You're wrong, if there was no atmosphere to cause drag an object with a sufficiently high velocity could be orbiting at the height of an aircraft, there would be no need for me to arrange any extra force to make this orbit work (incidentally I am a he, not a she). For a perfectly circular orbit, the orbital velocity is easy to calculate in Newtonian physics (which is a good approximation to GR in the case of the weak spacetime curvature created by a planet)--just consider a rotating frame where the orbiting object is at rest, and in this case the "centrifugal" acceleration (equal and opposite to the centripetal acceleration) must have the same magnitude as the gravitational acceleration. The
centripetal acceleration is just v^2/R, while the gravitational acceleration is GM/R^2 (where M is the mass of the planet), so setting them equal and multiplying both sides by R gives v^2 = GM/R, meaning the orbital speed would be \sqrt{GM/R}. This formula works just as well if R is at the radius of an aircraft as it would if R was at the radius of a satellite (and indeed the two radii only differ by a few km for a satellite in low Earth orbit)--for example, a craft 863 meters above the surface
at the equator would have R=6379 km=6379000 meters, so with M = 5.9742 * 10^24 kg and G=6.67428 * 10^-11 meters^3 / (kg * s^2), this means GM/R = 6.25 * 10^7 meters^2/second^2, so if the orbital velocity is the square root of that, the necessary velocity would be about 7,900 meters/second, or 7.9 km/second, or about 28,000 km/hour.

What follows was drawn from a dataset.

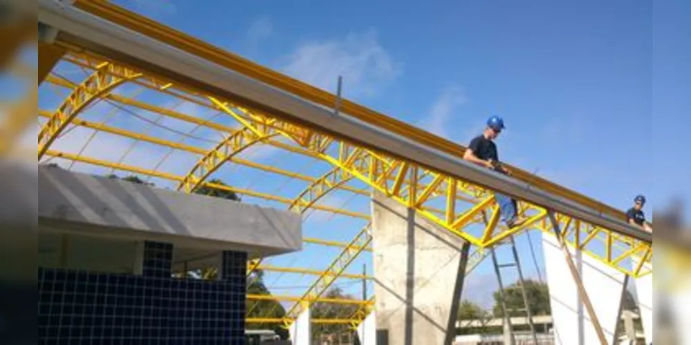 Quadra esportiva coberta da Escola Erasmo Pilloto, de Rebouças, deve ser entregue para a comunidade nos próximos meses.

This is just slightly larger than the figure given
here for the orbital velocity of a satellite at an altitude of 200 km, where the orbital velocity is quoted as 27,400 km/hour.

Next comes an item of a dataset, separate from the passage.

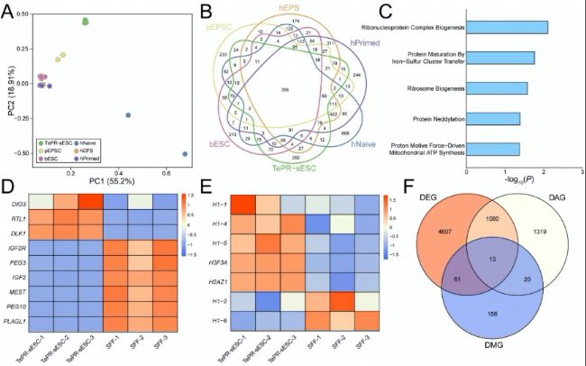 通過整合多組學(DEGs+DARs+DMGs)數據,研究團隊鑒定出13個在TePR-sESCs中具有特異性表達模式基因(如PDE4D、SIX6、MECOM和TBX18)。這些基因在cAMP、MAPK、細胞間連接和Ras信號通路中富集。此外研究者還分析了TePR-sESCs與其他物種(豬、牛)ESC的轉錄組數據,發現TePR-sESCs與人類naive ESCs的表達模式最為接近。這些結果揭示了TePR-sESCs特異性的基因網絡特征,為研究綿羊胚胎發育和ESC多能性提供了新視角。

Of course, as I said it's not actually possible to orbit at a height like 863 meters above the Earth because the atmosphere would create too much drag, but if the Earth was an airless planet it would be quite possible. And likewise if we imagine a particle that is not affected by any non-gravitational forces so it can pass straight through solid matter unaffected (the neutrino is almost like this, although it is affected by the weak nuclear force so a tiny fraction of neutrinos won't pass straight through the Earth), it could orbit within the atmosphere, or even at a smaller R that is
below the crust. Geodesic paths represent the paths that would be taken by such hypothetical particles which are
only affected by gravity and not other forces.
Anamitra said:
"Your confusing geodesics in space with geodesics in spacetime--general relativity says objects in free-fall with no non-gravitational forces acting on them follow geodesics in spacetime, not geodesics in space. Geodesics in spacetime are not the paths with the shortest spatial distance, rather they are the paths with the greatest proper time (in curved spacetime, the proper time is only 'greatest' when compared with other 'nearby' worldlines--worldlines that only deviate"
Jesse --in thread # 29
This is meaning ful
It does not stand as a hindrance to my arguments.
Just think of fact:
If we have two geodesics connecting a pair of points A and B ,the particle at the point of intersection would be in a state of indecision[as to which spacetime curve it should follow].
To help it decide Jesse has to provide some "extra force". Gravity will not help her!
Everybody will watch Jesse trying to help the particle decide what to do!
Nope, no extra force is required. The "choice" of which geodesic path a particle follows from point A is totally determined by its instantaneous
velocity at A (both direction and speed, as defined in some locally inertial frame at A)--particles with different velocities follow different geodesics. This is true in flat SR spacetime as well, where geodesics are just straight (inertial) worldlines--obviously you can have two straight lines going in different directions from a single point A, although unlike in GR, geodesics that cross at one point A can never cross again at a second point B in SR.